Fall, 1984. My sister and I both graduate high school and move out. By odd circumstance we move into a two-bedroom apartment together. Incredibly unrestrained sibling fights take place, but by the end of that summer, sibling rivalry has been fought out and replacing is is an amazing bond, something I never had felt before and mourn to this day.

Spring 1986 (?). Both my sister and my parents return from abroad; in the intervening year, the barn in Mary’s woods has burned down. Or something. I have the dates or who was in town wrong, I think.

Early 1988. My sister returns to live with may parents, probably depressed.

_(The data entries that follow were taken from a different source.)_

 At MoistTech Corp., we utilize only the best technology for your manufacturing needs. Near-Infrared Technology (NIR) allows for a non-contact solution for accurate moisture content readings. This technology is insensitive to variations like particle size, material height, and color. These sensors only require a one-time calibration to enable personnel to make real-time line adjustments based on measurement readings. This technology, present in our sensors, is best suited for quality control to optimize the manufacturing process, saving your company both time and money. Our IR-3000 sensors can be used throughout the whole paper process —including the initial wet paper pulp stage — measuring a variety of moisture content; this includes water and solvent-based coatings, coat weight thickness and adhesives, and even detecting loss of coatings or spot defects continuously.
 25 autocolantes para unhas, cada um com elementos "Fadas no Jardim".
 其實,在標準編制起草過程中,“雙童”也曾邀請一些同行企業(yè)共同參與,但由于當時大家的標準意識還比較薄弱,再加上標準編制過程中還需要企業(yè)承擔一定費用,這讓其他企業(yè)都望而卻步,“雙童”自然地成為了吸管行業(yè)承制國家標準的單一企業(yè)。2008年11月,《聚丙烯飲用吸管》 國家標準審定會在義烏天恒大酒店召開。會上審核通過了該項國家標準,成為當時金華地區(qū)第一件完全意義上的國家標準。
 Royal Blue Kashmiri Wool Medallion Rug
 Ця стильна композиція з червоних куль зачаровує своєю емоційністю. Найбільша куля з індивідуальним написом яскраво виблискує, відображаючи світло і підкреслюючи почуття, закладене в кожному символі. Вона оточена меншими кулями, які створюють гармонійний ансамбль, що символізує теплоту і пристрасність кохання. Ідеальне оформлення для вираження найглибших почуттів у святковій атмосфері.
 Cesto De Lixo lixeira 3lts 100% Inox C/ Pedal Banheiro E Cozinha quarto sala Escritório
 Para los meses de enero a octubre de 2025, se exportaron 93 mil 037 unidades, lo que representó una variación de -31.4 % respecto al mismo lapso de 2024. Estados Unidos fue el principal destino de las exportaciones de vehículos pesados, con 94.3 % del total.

September, 1988. My sister is killed on her bicycle on her way to see a friend. The old world ends; the one I live in begins.

Indian Summer, 1988. A memorial potluck is held in my family’s back yard, a kind of wake for the funeral or something. In my heart I know that I’m leaving town and expect that my parents are too. It’s the last extensive memory I have of the house, a polyglot crowd eating and drinking under the locust tree I’d seen grow from a sapling to a pod-dropping nuisance. I think Mary was dead by then as I recall crossing the fence to stroll up in the woods, knowing I was to leave them.

I loved my hometown but I hated Indiana, the weather and the enclosing horizon, the culture of limits. While my parents, children of the Great West, sought a connection to the older American culture and savored, natively, the more circumscribed expressions of two centuries of Americanness and Midwestern folkways, I chafed. So when my sister died and my girlfriend wanted to move on, I did.

Fifteen years later, it’s clear to me that what I learned most clearly was how to be uncomfortable, because today I find Seattle as tiresomely oppressive as the place I left. There’s no doubt that the cultures are different. What do they have in common? My vantage point.